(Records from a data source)
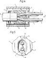 - the end wall Along a transversely extending line interconnecting the diametrically extending slit in the end wall 23 and the parallel slits therein the end wall has a step 25 intermediate of its inner and outer end surfaces so that parts of the portions 23 ⁇ of the end wall will overlie a part of the central portion 23′ of the end wall when the hinged parts 21′,21 ⁇ are closed together.
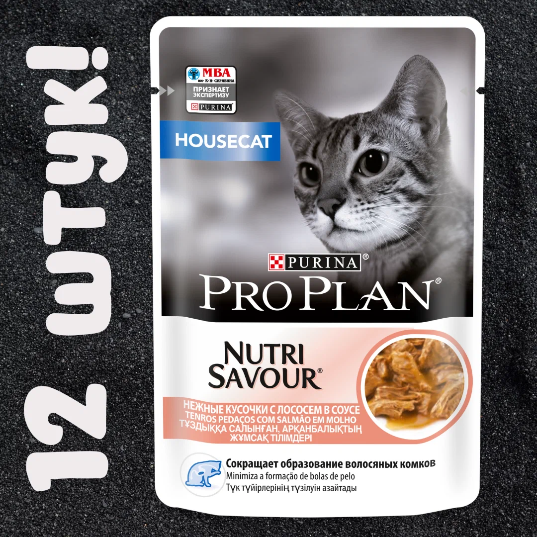 Корм для кошек PRO PLAN Housecat для домашних, с лососем в соусе пауч 85г (упаковка - 26 шт)
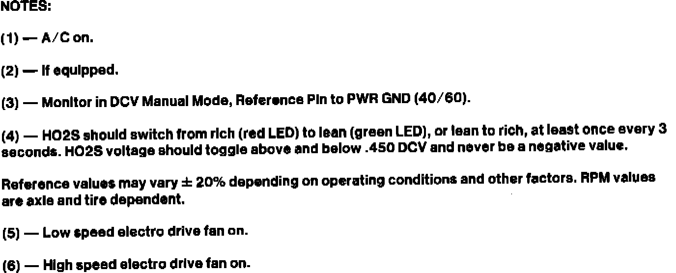 - Reference values are based on engine at normal operating temperature.
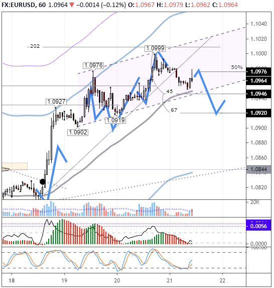 Ожидания по вчерашнему дню оправдались. Рост котировок был резким и остановился около 1,10. К настоящему времени коррекция к вчерашнему дню составила 76%. На момент написания обзора евро стоит 1,0974. Цена скорректировалась до балансовой линии и возобновила рост.
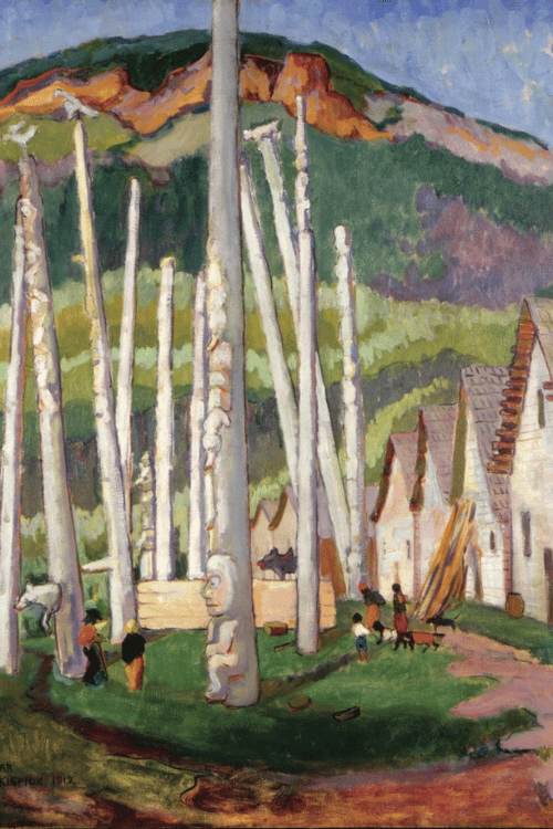 Hembroff and her first husband Frederick Brand, a mathematics professor at UBC, already a fan of Carr’s paintings both vigorously promoted Carr’s work by organizing exhibitions on campus and instigating the acquisition of Kispiox Village 1912 by the provincial government in 1933 for $166, the first Carr artwork purchased by the provincial government.

### TASK DETAILS
Please copy the lines above exactly, starting at the line that holds "Корм для кошек" and ending at the line that holds "- Reference values"; include both, but no pictures.

### WRITTEN SOLUTION
 Корм для кошек PRO PLAN Housecat для домашних, с лососем в соусе пауч 85г (упаковка - 26 шт)
 - Reference values are based on engine at normal operating temperature.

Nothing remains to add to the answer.